Unless you have a mathematical proof otherwise, I would assume that there is such an n, actually an infinite number of such n's, but an exhaustive search for n up to 2,000,000 or even 4 billion without finding one doesn't mean much. Obviously the heuristics can be improved a lot.

Answer 3

I. Prime $n$ seems a necessary condition for prime $g(n)$, not only for $f(n)=3^n+5^n+7^n$, $g(n)=\frac{3^n+5^n+7^n}{15}$, but also for similar cases.

E.g. taking the trio of odd integers less than the posted case, for $f(n)=1^n+3^n+5^n$, with$$g(n)=\frac{1^n+3^n+5^n}{3}$$ and $n<100$, $g(n)$ is prime only for prime $n=5, 13, 17, 29, 41$: $$1123$$$$407432483$$$$ 254356197763$$$$62088194517824356003$$$$15158245041706469424307579843$$The next prime $g(n)$ is for prime $n=113$.

Likewise for some increasing trios of consecutive odd integers.$$\begin{array}{cccc}\text{f(n)} & \text{g(n)} & n & \text{prime g(n)}\\ \hline5^n+7^n+9^n & \frac{f(n)}{21} & 5 & 3761\\- & - & 43 & 5131181926598620870059044278576189362457\\ 7^n+9^n+11^n & \frac{f(n)}{9} & 1 & 3\\- & - & 11 & 35407784107\\- & - & 13 & 4129051886963\\- & - & 17 & 58039648968105283\\9^n+11^n+13^n & \frac{f(n)}{33} & 5 & 17921\\- & - & 7 & 2636929\\- & - & 29 & 6155428662438784503568282263041\\- & - & 41 & 142437341620935541845482699492428865265971201\\11^n+13^n+15^n & \frac{f(n)}{39} & 11 & 275057126257\\- & - & 37 & 844287359404869502215865700763611372145761\\- & - & 67 & ---\\\end{array}$$For the last $n=67$, prime $g(n)$=$$ 161094059489831593214989598447345339537628 222953633116135188147969918645655217$$

II. But taking non-consecutive odd integers, e.g. $f(n)=1^n+3^n+7^n$, where $g(n)=f(n)$ since $1+3+7=11$ is not divisible by $3$, we find $g(n)$ is prime for $n=1, 13, 17$, but also for composite $n=49$.

Again, taking three consecutive integers instead of three consecutive odd integers, composite $n$ can yield prime $g(n)$. E.g. for $f(n)=1^n+2^n+3^n$, where $g(n)=\frac{f(n)}{12}$ for odd $n>3$, we get prime $g(n)$:$$3$$$$23$$$$193$$$$133543$$$$10772603$$$$7845963953$$$$ 858420955076202578510080530923$$$$176741262253776179925474237053751128366837273$$when $n=3, 5, 7, 13, 17, 23, 65, 95$.

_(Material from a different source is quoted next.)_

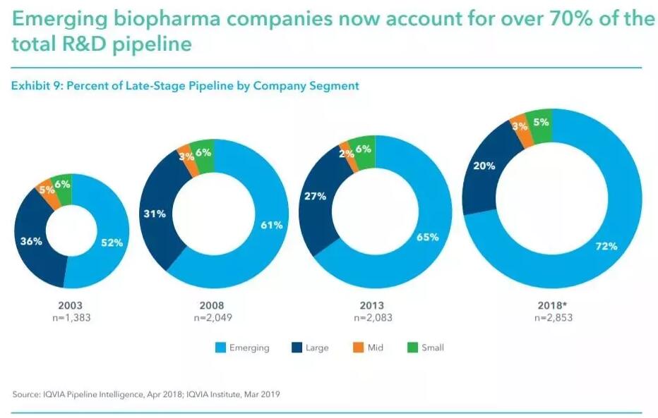这与日前IQVIA人类数据科学研究所(IQVIA Institute for Human Data Science)发布的医药产业研发报告获得的结论非常相似。IQVIA的报告发现,新兴生物医药公司进行的后期研发项目占2018年所有后期研发项目的72%。这是因为这些公司在增长速度最快的肿瘤学和孤儿药领域最为活跃,并且独自研发创新药品的能力得到提高。

III. If prime $g(n)$ for composite $n$ are as elusive for the trios of consecutive odd integers, sampled above for odd $n<100$, as they are found to be for the posted $\frac{3^n+5^n+7^n}{15}$, can the conjecture then be more generally put: If $f(n)$ is the sum of like odd powers of three consecutive odd integers, and $g(n)$ is $f(n)$ cleared of factors common to all $f(n)$, and $g(n)$ is prime, then $n$ is prime?

However, this is not universally true. In the posted case the three consecutive odd integers are all prime, and in the nearby cases considered above at least one of the integers is prime. Probing the possible relevance of this by examining $g(n)$ for the smallest trio of consecutive odd integers all composite:$$g(n)=\frac{91^n+93^n+95^n}{93}$$we find prime $g(35)$=$$30301372938052318586648696678367793606476198590474743450180085922931$$So if $g(n)$ is indeed never prime for $\frac{3^n+5^n+7^n}{15}$, then the cause seems to lie in something more specific than the behavior of like powers of consecutive odd integers.